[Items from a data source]
++++++++

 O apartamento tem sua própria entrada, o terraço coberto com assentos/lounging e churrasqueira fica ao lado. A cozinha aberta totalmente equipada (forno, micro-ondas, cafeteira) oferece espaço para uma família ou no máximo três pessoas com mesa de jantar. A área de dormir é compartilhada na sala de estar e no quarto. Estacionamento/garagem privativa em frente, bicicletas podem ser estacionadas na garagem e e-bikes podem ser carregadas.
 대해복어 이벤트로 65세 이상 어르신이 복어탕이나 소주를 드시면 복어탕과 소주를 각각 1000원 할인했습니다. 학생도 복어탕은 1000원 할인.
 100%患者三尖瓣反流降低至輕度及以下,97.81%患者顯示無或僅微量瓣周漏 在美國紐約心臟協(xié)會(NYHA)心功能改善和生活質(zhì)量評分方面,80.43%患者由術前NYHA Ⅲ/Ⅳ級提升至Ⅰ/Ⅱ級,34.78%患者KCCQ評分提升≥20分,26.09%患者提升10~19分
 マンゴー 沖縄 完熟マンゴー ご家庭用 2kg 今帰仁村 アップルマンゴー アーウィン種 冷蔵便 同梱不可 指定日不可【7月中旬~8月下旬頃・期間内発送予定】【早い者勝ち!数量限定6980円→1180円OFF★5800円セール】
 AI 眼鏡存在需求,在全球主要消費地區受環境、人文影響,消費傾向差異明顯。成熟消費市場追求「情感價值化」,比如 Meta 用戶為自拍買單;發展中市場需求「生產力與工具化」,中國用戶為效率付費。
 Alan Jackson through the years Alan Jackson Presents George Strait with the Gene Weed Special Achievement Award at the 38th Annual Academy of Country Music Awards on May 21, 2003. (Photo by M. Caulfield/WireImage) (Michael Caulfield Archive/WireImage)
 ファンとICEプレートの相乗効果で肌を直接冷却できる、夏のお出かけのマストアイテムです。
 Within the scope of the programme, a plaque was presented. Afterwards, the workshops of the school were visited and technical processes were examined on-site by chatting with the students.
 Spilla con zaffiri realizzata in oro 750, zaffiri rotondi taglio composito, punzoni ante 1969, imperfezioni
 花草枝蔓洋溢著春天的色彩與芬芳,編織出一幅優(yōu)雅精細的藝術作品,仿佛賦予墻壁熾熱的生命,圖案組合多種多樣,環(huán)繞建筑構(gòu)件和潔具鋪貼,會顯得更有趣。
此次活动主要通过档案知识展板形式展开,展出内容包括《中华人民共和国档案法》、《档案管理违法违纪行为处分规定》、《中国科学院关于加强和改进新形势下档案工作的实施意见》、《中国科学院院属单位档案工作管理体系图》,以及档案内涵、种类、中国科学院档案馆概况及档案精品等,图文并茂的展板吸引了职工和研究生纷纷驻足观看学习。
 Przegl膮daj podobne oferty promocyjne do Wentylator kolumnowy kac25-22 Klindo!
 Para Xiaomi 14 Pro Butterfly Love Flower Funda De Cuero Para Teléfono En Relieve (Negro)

++++++++

Transcribe verbatim. Cover the lines from the first line of the entries above to the line containing "花草枝蔓洋溢著春天的色彩與芬", inclusive.

#### Response to the exercise
 O apartamento tem sua própria entrada, o terraço coberto com assentos/lounging e churrasqueira fica ao lado. A cozinha aberta totalmente equipada (forno, micro-ondas, cafeteira) oferece espaço para uma família ou no máximo três pessoas com mesa de jantar. A área de dormir é compartilhada na sala de estar e no quarto. Estacionamento/garagem privativa em frente, bicicletas podem ser estacionadas na garagem e e-bikes podem ser carregadas.
 대해복어 이벤트로 65세 이상 어르신이 복어탕이나 소주를 드시면 복어탕과 소주를 각각 1000원 할인했습니다. 학생도 복어탕은 1000원 할인.
 100%患者三尖瓣反流降低至輕度及以下,97.81%患者顯示無或僅微量瓣周漏 在美國紐約心臟協(xié)會(NYHA)心功能改善和生活質(zhì)量評分方面,80.43%患者由術前NYHA Ⅲ/Ⅳ級提升至Ⅰ/Ⅱ級,34.78%患者KCCQ評分提升≥20分,26.09%患者提升10~19分
 マンゴー 沖縄 完熟マンゴー ご家庭用 2kg 今帰仁村 アップルマンゴー アーウィン種 冷蔵便 同梱不可 指定日不可【7月中旬~8月下旬頃・期間内発送予定】【早い者勝ち!数量限定6980円→1180円OFF★5800円セール】
 AI 眼鏡存在需求,在全球主要消費地區受環境、人文影響,消費傾向差異明顯。成熟消費市場追求「情感價值化」,比如 Meta 用戶為自拍買單;發展中市場需求「生產力與工具化」,中國用戶為效率付費。
 Alan Jackson through the years Alan Jackson Presents George Strait with the Gene Weed Special Achievement Award at the 38th Annual Academy of Country Music Awards on May 21, 2003. (Photo by M. Caulfield/WireImage) (Michael Caulfield Archive/WireImage)
 ファンとICEプレートの相乗効果で肌を直接冷却できる、夏のお出かけのマストアイテムです。
 Within the scope of the programme, a plaque was presented. Afterwards, the workshops of the school were visited and technical processes were examined on-site by chatting with the students.
 Spilla con zaffiri realizzata in oro 750, zaffiri rotondi taglio composito, punzoni ante 1969, imperfezioni
 花草枝蔓洋溢著春天的色彩與芬芳,編織出一幅優(yōu)雅精細的藝術作品,仿佛賦予墻壁熾熱的生命,圖案組合多種多樣,環(huán)繞建筑構(gòu)件和潔具鋪貼,會顯得更有趣。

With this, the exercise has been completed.